Lemahnya Posisi Konsumen Perumahan dalam Perkara Kepailitan

Praktiknya selama ini, konsumen dirugikan dalam hal pengembang/pelaku usaha dinyatakan pailit. Putusan pengadilan perlu memperhatikan dan menentukan kejelasan hak-hak para kreditor termasuk di dalamnya konsumen sebagai kreditor konkuren (konsumen).

Oleh:
Fitri Novia Heriani
Bacaan 2 Menit
Ilustrasi: BAS
Ilustrasi: BAS

Belakangan kasus pailit yang menimpa pelaku usaha perumahan (kontraktor) cukup menyita perhatian. Beberapa perusahaan perumahan sempat dinyatakan pailit dengan segala akibat hukumnya, seperti yang dialami oleh perusahaan Perumahan Violet Garden dan perusahaan Rusun Ciputat Resort Apartment.

Dalam perkara pailit yang menimpa perusahaan perumahan, posisi konsumen menjadi satu hal yang dipertanyakan.

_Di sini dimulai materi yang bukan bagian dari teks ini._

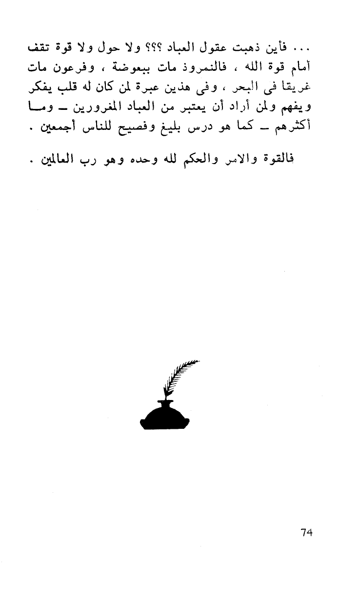 فأين ذهبت عقول العباد؟؟؟ ولا حول ولا قوة تقف أمام قوة الله فالنمروذ مات ببعوضة وفرعون مات غرقا في البحر وفي هذين عبرة لمن كان له قلب يفكر ويفهم ولمن أراد أن يعتبر من العباد المغرورين - وما أكثرهم - كما هو درس بليغ وفصيح للناس أجمعين.
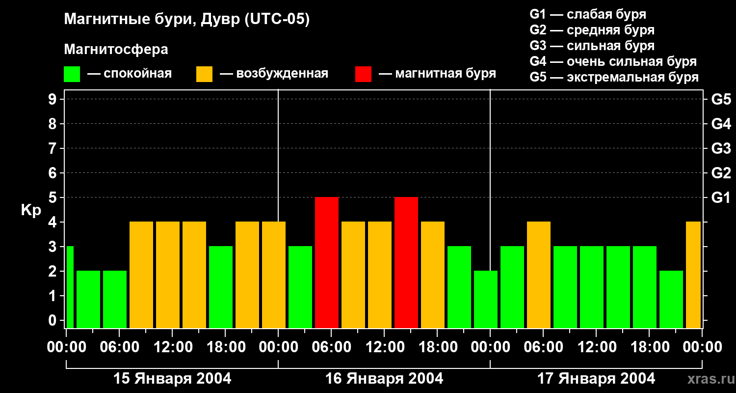 Изменения геомагнитного индекса Kp с 15 по 17 января 2004 года для средних широт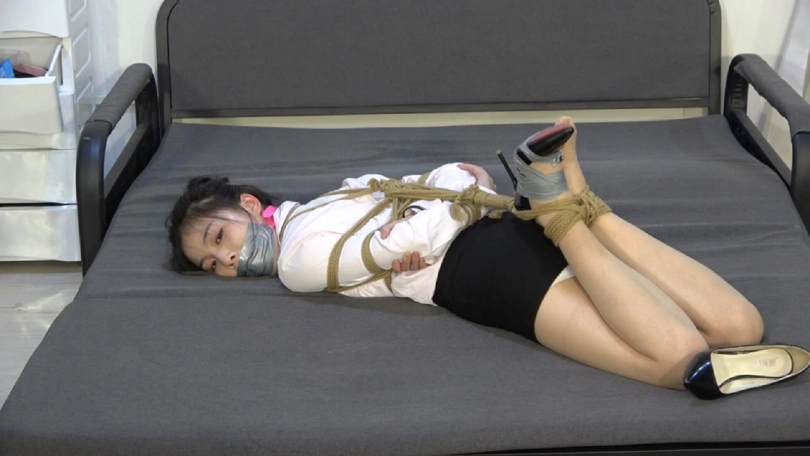 OL装小狐狸被驷马捆绑起来,而能够打开密室门的钥匙被放在她的高跟鞋里,可这只高跟鞋被用胶带固定在她的脚上。千辛万苦拿到钥匙的小狐狸却不能挣脱开捆绑逃生,下场是被绑到一张椅子上,翘着二郎腿束手就擒。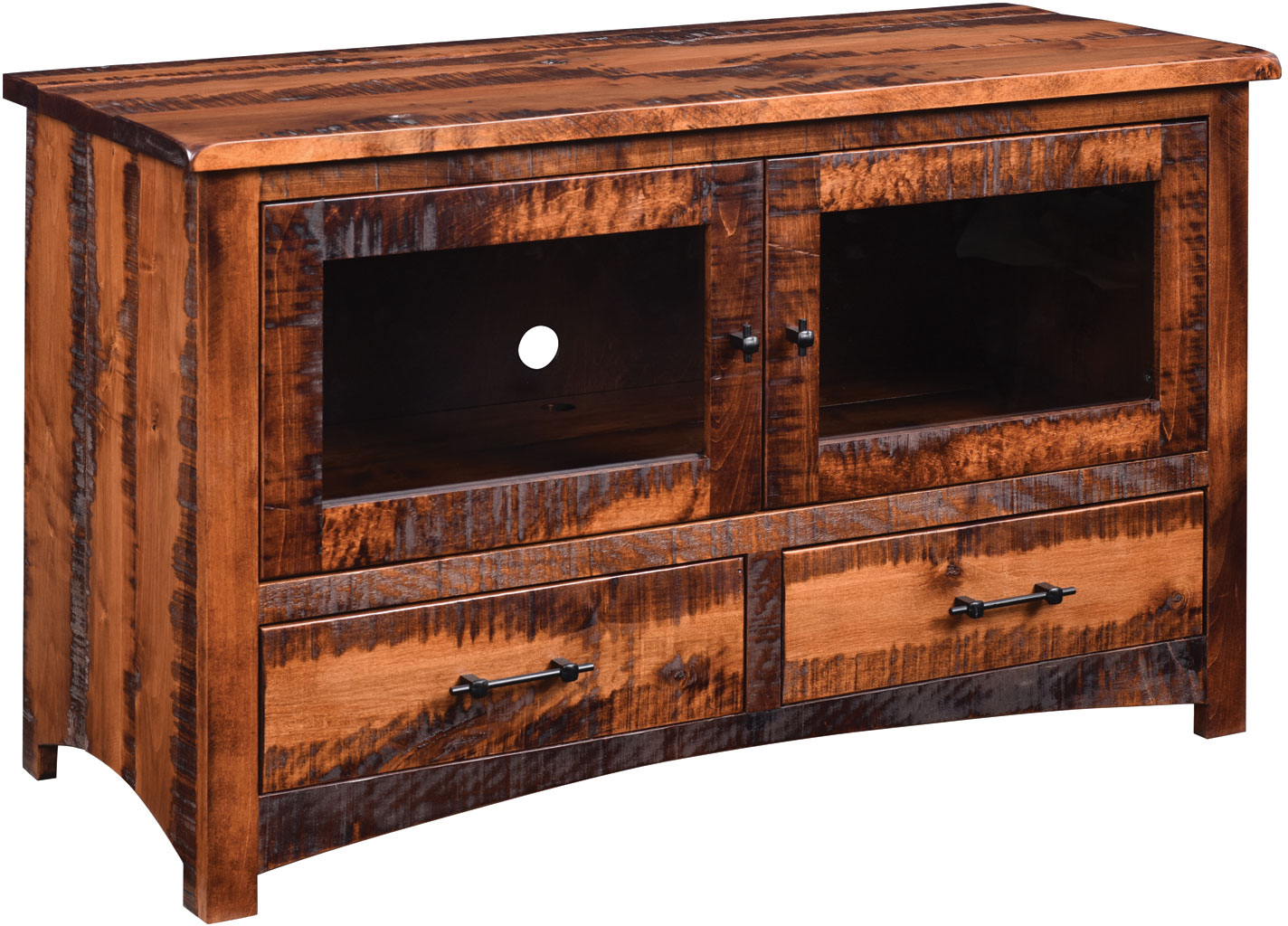 Here’s a midsize TV cabinet that beats ordinary TV stands in style, storage space and durability. Welcome to the Barn Floor Small TV Stand. Open the two glass doors, and you’ll find lots of space for your entertainment equipment. While the two drawers provide ample room for your music and movie collections. Our Amish cabinetmakers build the TV cabinet from rustic brown maple hardwood. Check out the visible saw marks! And the builders finish the unit with Michael’s Cherry Stain. No wonder the TV stand is so sturdy, it’s heirloom-quality! Now, make it yours. Simply fill out the customization fields below. Also, make sure you tell us your choices for wood species, finish and more. Or call/text 855-768-3270.

Pasalnya beberapa pihak menyebut bahwa konsumen perumahan tak memiliki hak yang jelas ketika perusahaan yang mengelola perumahan yang mereka beli tersandung pailit.

Koordinator Komisi Advokasi Badan Perlindungan Konsumen Nasional (BPKN), Rizal E. Halim, mengatakan bahwa keputusan pailit tidak terlepas dari ketentuan yang terdapat pada Undang-Undang Nomor 34 Tahun 2007 tentang Kepailitan dan PKPU, di mana pailit dapat terjadi dengan hanya melihat syarat minimal utang dan kreditor yang di atur dalam Pasal 2 ayat (1) dan Pasal 8 ayat (4).

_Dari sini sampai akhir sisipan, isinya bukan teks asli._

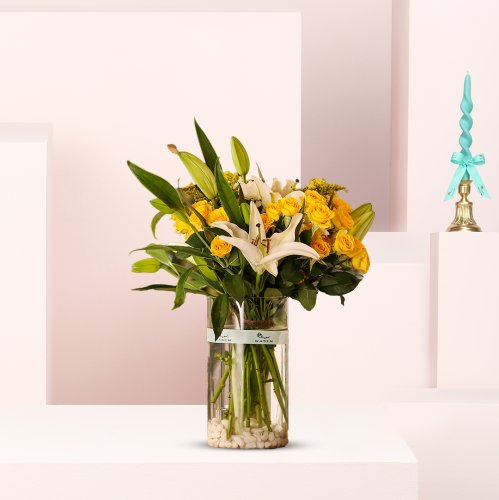 فازة مكونه من ٥ كازابلنكا أبيض، ١٠بيبي روز أصفر ، ٤ سوليداغو.
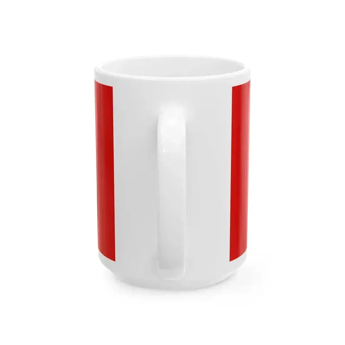 Sturdy white ceramic mugs available in 11 oz (≈330 ml) and 15 oz (≈440 ml), with a glossy finish and comfortable C-handle — microwave and dishwasher safe, and made from lead- and BPA-free materials.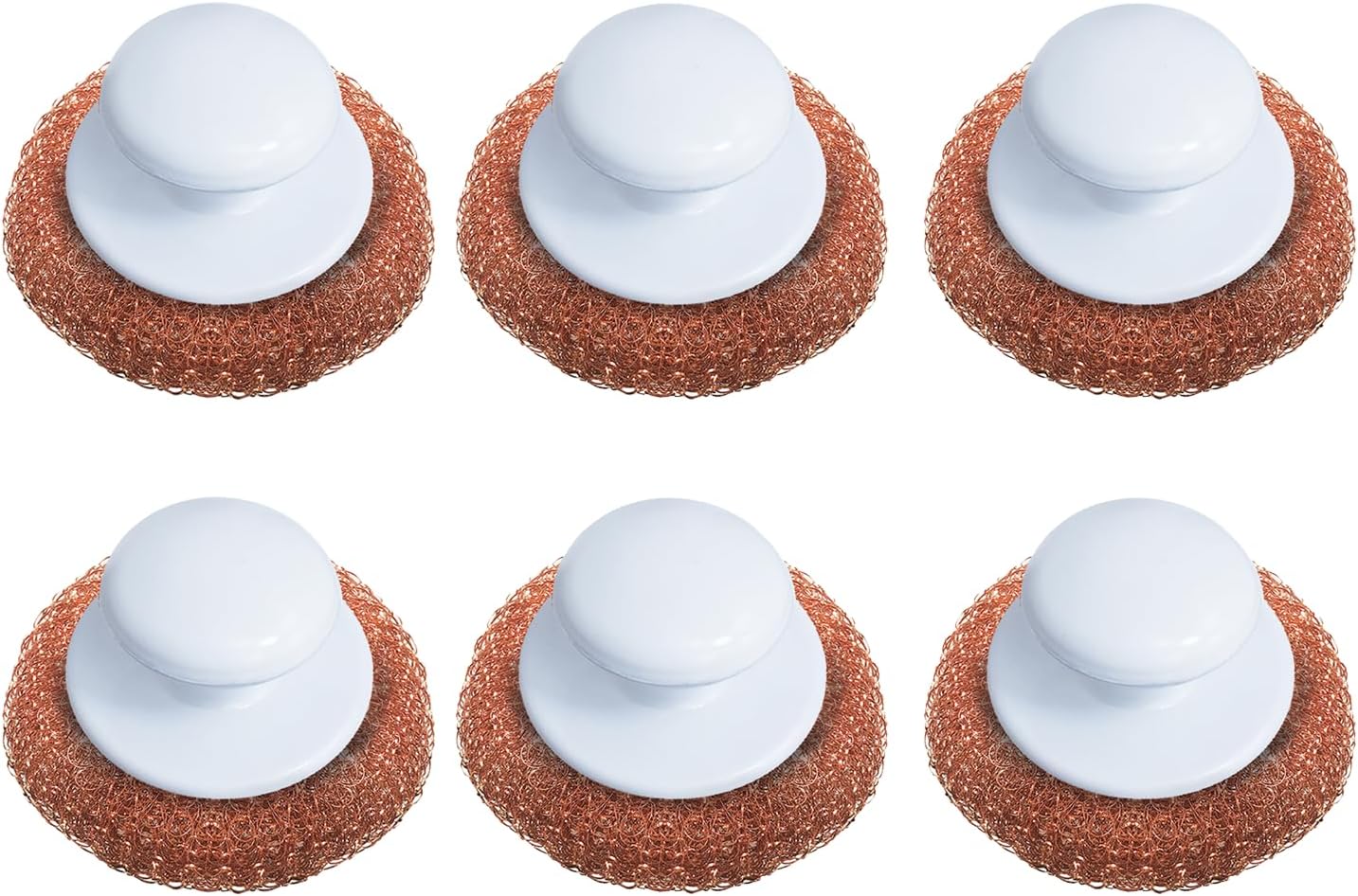 LOLA Copper Mesh Scouring Pad w/Comfort Knob, 6 Pack, Heavy Duty Cleaning Pads, Knitted Wire Mesh, Cleans Caked-On & Baked-On Messes

Namun jika dilihat dari UU Perlindungan Konsumen, Rizal menilai kerugian yang dialami konsumen wajib diselesaikan secara adil konsumen berhak mendapatkan ganti rugi sebagaimana mestinya sesuai dengan Pasal 4 dan Pasal 8 UU Perlindungan Konsumen. (Baca Juga: Dimohonkan Pailit, Begini Penjelasan Hukum Status Hunian Sentul City)

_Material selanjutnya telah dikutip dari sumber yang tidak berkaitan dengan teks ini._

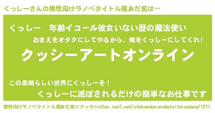 | 女子向けラノベタイトル風あだ名 | 『誰かこのくっしーを説明してください! ~契約から始まるウェディング~』 |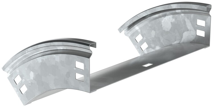 Поворот на 45° вертикальный внешний плавный предназначен для организации вертикального внешнего поворота кабельной трассы на 45°. Крышка аксессуара в комплект не входит. Аксессуар изготовлен из стали с цинковым покрытием, нанесенным погружением изделий в расплав цинка (защитный слой цинка не менее 55 мкм).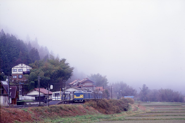2006年04月16日(日) 天気:晴キリの中でキヤに出会う広島市内のサクラの季節は,ほぼ終わった。いまは,広島県北部のサクラが満開の時期である。今日の天気予報は晴れ,昨日の大雨がウソのようである。 大雨の翌日なら,川の霧が濃いことが期待できる。濃い霧のなかの常清滝など撮ってみようかと思うが,この時期は,雪もなければ新緑もない。あまりおもしろみのない時期である。とりあえず,高北広域農道を経由して式敷まで行ってみると,江の川の霧がたいへん濃く,少し向こうの山はほとんど見えない状況である。そこで,霧に覆われた山を背景に,早朝の三江線の列車を撮ってみることにした。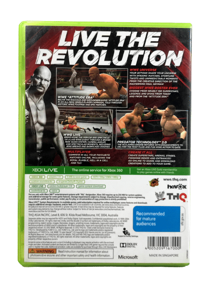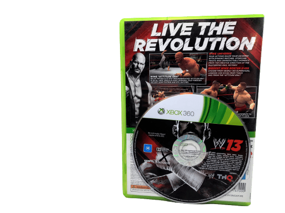 Step into the ring of the ‘13 edition of the WWE video game. WWE ’13 transforms gameplay through the introduction of WWE Live, completely changing the way players embrace the videogame’s audio and presentation elements. Predator Technology returns to further to further implement critical gameplay improvements while fan favorites in WWE Universe Mode and the franchise’s renowned Creation Suite are poised to offer the utmost in player freedom. Furthermore, WWE ’13 introduces a groundbreaking, single-player campaign based on the highly influential Attitude-Era. Complete with a robot ruster-the largest to date in the franchise–along with a host of additional features, WWE ’13 is ready to live a revolution of its own.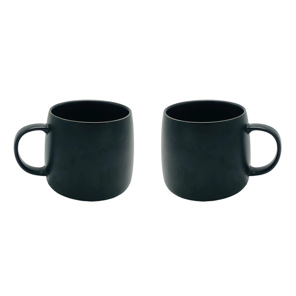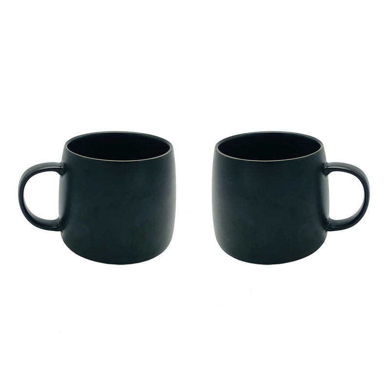 2 Pack Ceramic Cups, Porcelain Mugs With Handle, Smooth Ceramic Cups For Coffee, Tea, Milk, Cocoa (Black)

Menurut dua pasal tersebut, konsumen memiliki hak untuk memilih barang dan/ atau jasa sertan mendapatkan barang dan/ataujasa tersebut sesuai dengan nilai tukar dan kondisi serta jaminan yang dijanjikan, konsumen memiliki hak untuk mendapatkan kompensasi, ganti rugi dan/atau penggantian, apabila barang dan/atau jasa yang diterima tidak sesuai dengan perjanjian atau tidak sebagaimana mestinya jika pelaku usaha melakukan perbuatan yang dilarang bagi pelaku usaha, di mana pelaku usaha dilarang memproduksi dan/atau memperdagangkan barang dan/atau jasa yang tidak sesuai dengan janji yang dinyatakan dalam label, etiket, keterangan, iklan atau promosi penjualan barang dan/atau jasa tersebut.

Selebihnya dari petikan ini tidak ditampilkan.